The Private Company Financial Reporting Committee has given the Financial Accounting Standards Board feedback on its financial statement presentation project, including worries about newly onerous processes.

At a meeting last week in San Antonio, Texas, the committee, which is a joint effort of FASB and the American Institute of CPAs, talked about its comment letter to FASB on the project. The letter revolved around a discussion of the pros and cons from various financial statement users and others, according to PCFRC chair Judy O’Dell (pictured).

“It was not a united front where we were recommending anything specific on it,” she told WebCPA. “FASB had asked us at our meeting in January not necessarily to be unanimous, especially in the early stages, but to present comments pro and con as they continue to discuss the project.”

The main area of concern was doing the direct method of cash flow. One practitioner had told the PCFRC that the direct method could be time-consuming, especially when the income statements become disaggregated, even though financial companies seem to like this method. “That’s probably going to be the biggest area of disagreement between the preparers and the practitioners,” said O’Dell. “But it would be very difficult to have one model for private companies and one model for public companies.”
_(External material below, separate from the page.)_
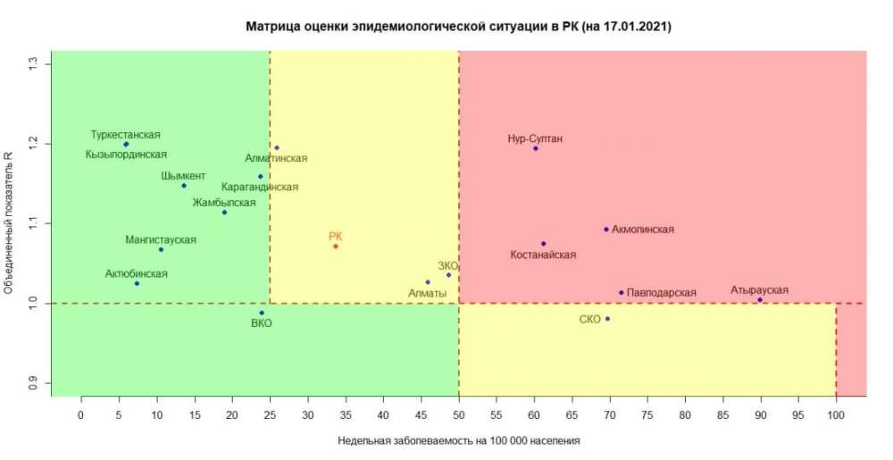 Опубликована матрица оценки эпидемиологической ситуации в регионах Казахстана на 17 января 2021 года, передает BaigeNews.kz со ссылкой на coronavirus2020.kz.
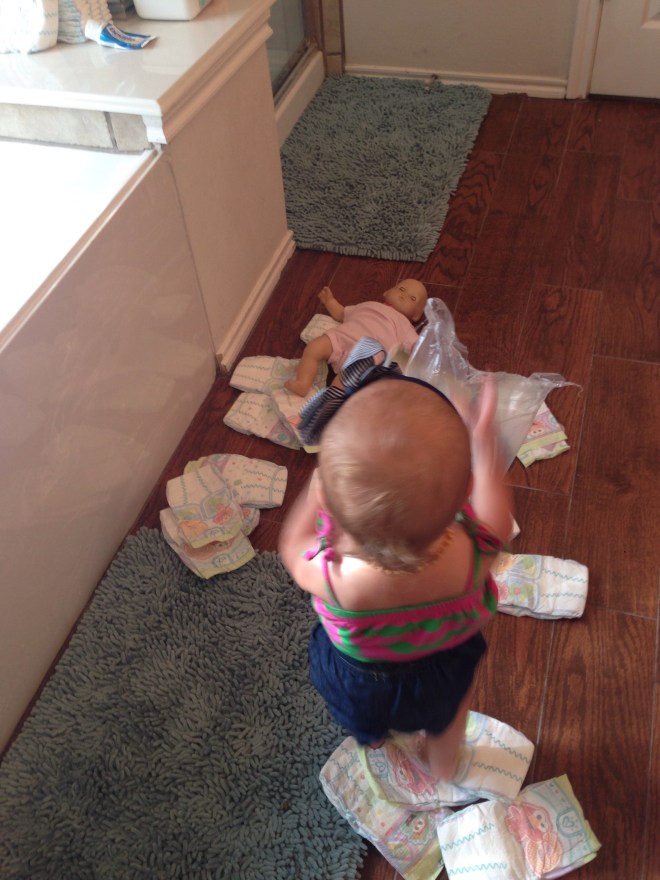 We are a little concerned with Lucy’s growth. She does not eat very well at all. We are trying to allow her to be independent, since that is her preference, but most of the time the food doesn’t even go in her mouth. Clothes that once were tight, are loose, as well as the diapers she was outgrowing. We will be going back to the doctor again this week to check her weight and growth again. We are hoping this does not bring us back to the GIs we have had to visit with the other kids.

However, she noted that some areas could be tweaked, perhaps with a different phase-in period for private companies, as was suggested by one committee member. The cost to implement a new type of financial statement presentation could be high, though, for both private and public companies, as well as for users of the financial statements.

The PCFRC meeting also included a discussion of FIN 48, or FASB Interpretation No. 48, which covers accounting for uncertainty in income taxes. The standard has been repeatedly delayed for private companies, which worry about the costs and legal liabilities associated with it. The committee talked about the feedback it would give FASB on a draft document containing guidance that will be provided to pass-through entities such as partnerships and S corporations.

“Most of our comments revolved around further clarifying what is already out there,” said O’Dell. “There will be an exemption from the roadmap for private companies for disclosure, what are called roadmap disclosures. Private companies won’t have to comply with that part of FIN 48 as it is proposed.”

She said the guidance would clarify who is responsible for paying the tax, provide a definition of uncertainties for nonprofits and explain how to deal with a situation in which one of a company's entities may be a pass-through and one may not. O’Dell expects the exposure draft of that FASB staff position to be released sometime in May. There will be a comment period before the guidance is finalized.

The PCFRC also debated a discussion paper about revenue recognition at its meeting and will work on finalizing its comments at its next meeting in June. In addition, the committee had another long talk about a discussion paper on accounting for leases and how it might affect private companies. Those comments too are expected to be finalized at the PCFRC’s June meeting.